#### Goal of the exercise:
Write out, word for word and with no pictures, each line below from the one containing "Πανήγυρις Ιερού Ναού Αγίου Δημητρίου Ασωπίας" through the one containing "각각 3레벨 정도의 손해와", both included, and no other line.

#### Available data:
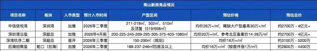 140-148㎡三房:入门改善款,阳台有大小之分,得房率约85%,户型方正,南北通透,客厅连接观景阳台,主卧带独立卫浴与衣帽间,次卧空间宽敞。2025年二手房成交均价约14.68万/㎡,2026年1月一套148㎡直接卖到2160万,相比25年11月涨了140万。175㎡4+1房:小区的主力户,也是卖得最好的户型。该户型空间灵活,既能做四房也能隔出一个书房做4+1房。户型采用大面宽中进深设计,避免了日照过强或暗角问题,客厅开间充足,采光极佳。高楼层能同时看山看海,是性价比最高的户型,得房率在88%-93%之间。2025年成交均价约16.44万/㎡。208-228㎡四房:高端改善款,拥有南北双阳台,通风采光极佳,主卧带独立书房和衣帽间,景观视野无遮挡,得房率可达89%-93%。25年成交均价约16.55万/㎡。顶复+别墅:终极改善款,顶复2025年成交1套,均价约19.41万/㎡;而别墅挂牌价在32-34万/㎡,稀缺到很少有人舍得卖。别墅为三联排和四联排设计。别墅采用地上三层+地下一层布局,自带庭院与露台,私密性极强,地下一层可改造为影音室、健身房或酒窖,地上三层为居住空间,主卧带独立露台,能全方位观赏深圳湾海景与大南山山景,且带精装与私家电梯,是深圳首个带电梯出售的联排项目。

---

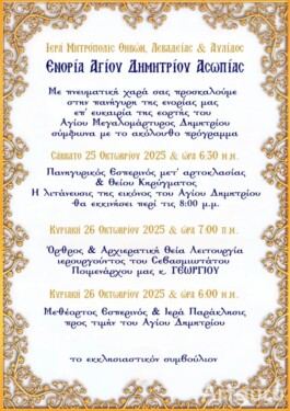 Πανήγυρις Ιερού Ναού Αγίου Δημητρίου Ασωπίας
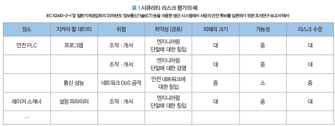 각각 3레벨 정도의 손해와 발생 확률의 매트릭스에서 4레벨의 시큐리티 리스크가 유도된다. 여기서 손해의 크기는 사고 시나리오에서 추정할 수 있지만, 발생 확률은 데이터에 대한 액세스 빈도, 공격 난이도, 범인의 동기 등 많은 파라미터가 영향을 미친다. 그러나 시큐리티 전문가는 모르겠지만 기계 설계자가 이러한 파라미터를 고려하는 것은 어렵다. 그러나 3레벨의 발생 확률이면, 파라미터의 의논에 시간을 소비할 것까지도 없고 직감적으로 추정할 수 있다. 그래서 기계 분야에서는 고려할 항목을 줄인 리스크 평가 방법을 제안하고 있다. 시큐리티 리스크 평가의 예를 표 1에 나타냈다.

==

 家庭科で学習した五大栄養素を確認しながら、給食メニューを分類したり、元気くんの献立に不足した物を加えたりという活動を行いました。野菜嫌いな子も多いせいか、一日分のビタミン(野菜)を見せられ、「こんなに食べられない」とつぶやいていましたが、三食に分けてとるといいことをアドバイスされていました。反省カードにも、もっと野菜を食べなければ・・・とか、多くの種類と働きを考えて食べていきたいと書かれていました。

#### Solution:
 Πανήγυρις Ιερού Ναού Αγίου Δημητρίου Ασωπίας
 각각 3레벨 정도의 손해와 발생 확률의 매트릭스에서 4레벨의 시큐리티 리스크가 유도된다. 여기서 손해의 크기는 사고 시나리오에서 추정할 수 있지만, 발생 확률은 데이터에 대한 액세스 빈도, 공격 난이도, 범인의 동기 등 많은 파라미터가 영향을 미친다. 그러나 시큐리티 전문가는 모르겠지만 기계 설계자가 이러한 파라미터를 고려하는 것은 어렵다. 그러나 3레벨의 발생 확률이면, 파라미터의 의논에 시간을 소비할 것까지도 없고 직감적으로 추정할 수 있다. 그래서 기계 분야에서는 고려할 항목을 줄인 리스크 평가 방법을 제안하고 있다. 시큐리티 리스크 평가의 예를 표 1에 나타냈다.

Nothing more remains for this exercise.